Fig. 1 is a front view showing the external appearance of this device, Fig. 2 is a perspective view showing the main parts of this device, Fig. 2A is a right side view of this device, and Fig. 2B is a line BB in Fig. 2A. A sectional view, FIG. 2C is a sectional view taken along the line C-C of FIG. 2A, and FIG. 3 is a sectional view showing the main parts of the device,
The figure is a sectional view taken along the line A-A in Fig. 3, Fig. 3B is a sectional view taken along the line B-B in Fig. 3, Fig. 3C is a sectional view taken along the line C-C in Fig. 3, and Fig. 4 is a sectional view taken along the line C-C in Fig. 3. A block diagram showing the control section, FIG. 5 is a diagram showing the panel of the control section of this device, FIG. 6 is a diagram for explaining the winding pattern of the winding work on the stator S by this device, and FIG. 7 Figure 8 shows the key switch operation during programming in an example of winding work using this device.

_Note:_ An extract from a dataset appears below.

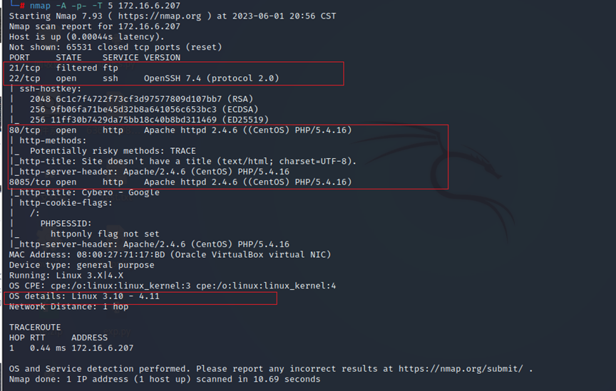 获取到靶机IP为172.16.6.207,使用nmap对靶机进行更详细的信息扫描
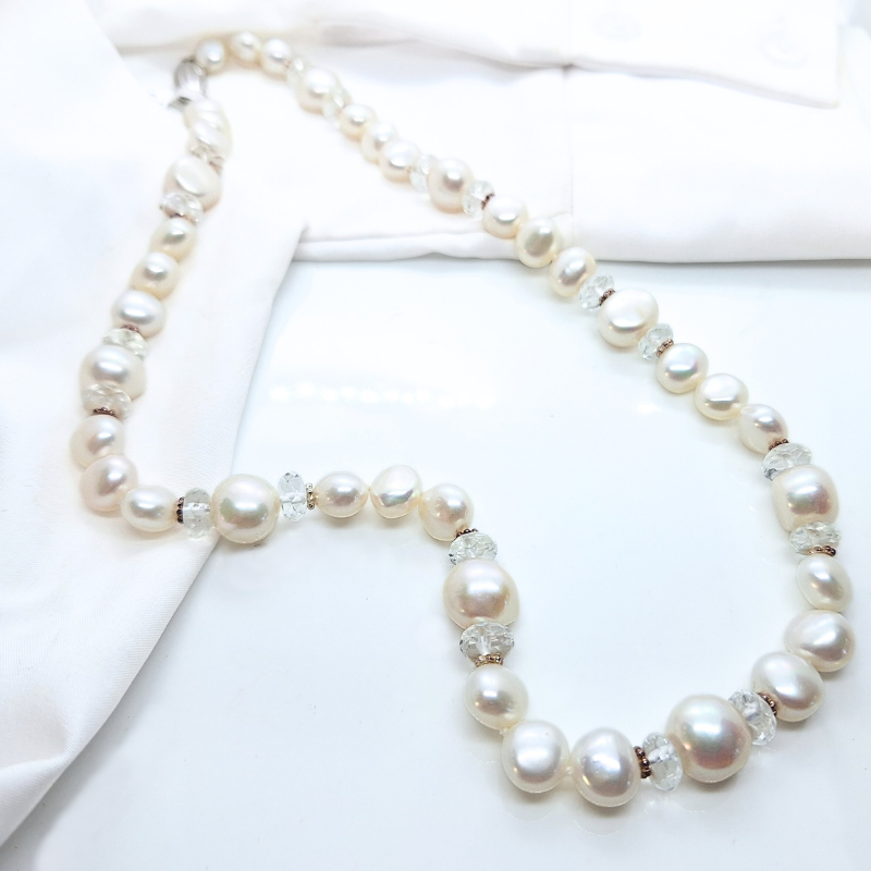 Large, high-gloss freshwater pearls, strung on satin thread and beautifully combined with white crystal. The sensation of authenticity against your skin is the reward after a long day’s work. A silver clasp provides the perfect finishing touch to this elegant strand.

The figure is a diagram showing the contents of programming of this device, and FIGS. 9 to 16 are flowcharts showing control operations of this device.

Claims (1)

[Claims] 1. A winding device for winding a workpiece having a winding portion with at least one end open, comprising: a workpiece holder provided on a frame for holding the workpiece; and a workpiece holder provided on the frame. It is supported by the frame so as to be rotatable around one axis substantially perpendicular to the extending direction from the proximal end of the supported workpiece toward the open end, and is longer than the length of the wound portion in the extending direction. a wire rod supplying member having a long hook-shaped wire rod supply nozzle; and a second wire rod supplying member for relatively moving the wire rod supplying member and the work holder so that the wire rod supply nozzle winds around the winding portion. a second drive means for relatively moving the wire rod supply member and the work holder so that the wire rod supply nozzle is relatively moved along the extending direction of the winding portion; a driving means; and the wire supply nozzle is wound around the winding part and relatively moved along the extending direction of the winding part by the first and second driving means. an automatic wire winding device comprising: a control means for changing and controlling the rotational position of the wire rod supply nozzle; 2. The automatic wire winding device according to claim 1, wherein the wire supply member has a tip end portion of the wire supply nozzle disposed near the uniaxial line. 3. The control means changes and controls the rotational position of the wire rod supply nozzle according to the relative position of the wire rod supply nozzle with respect to the extending direction of the winding portion and the number of winding stages. Range 1
The automatic winding device described in section.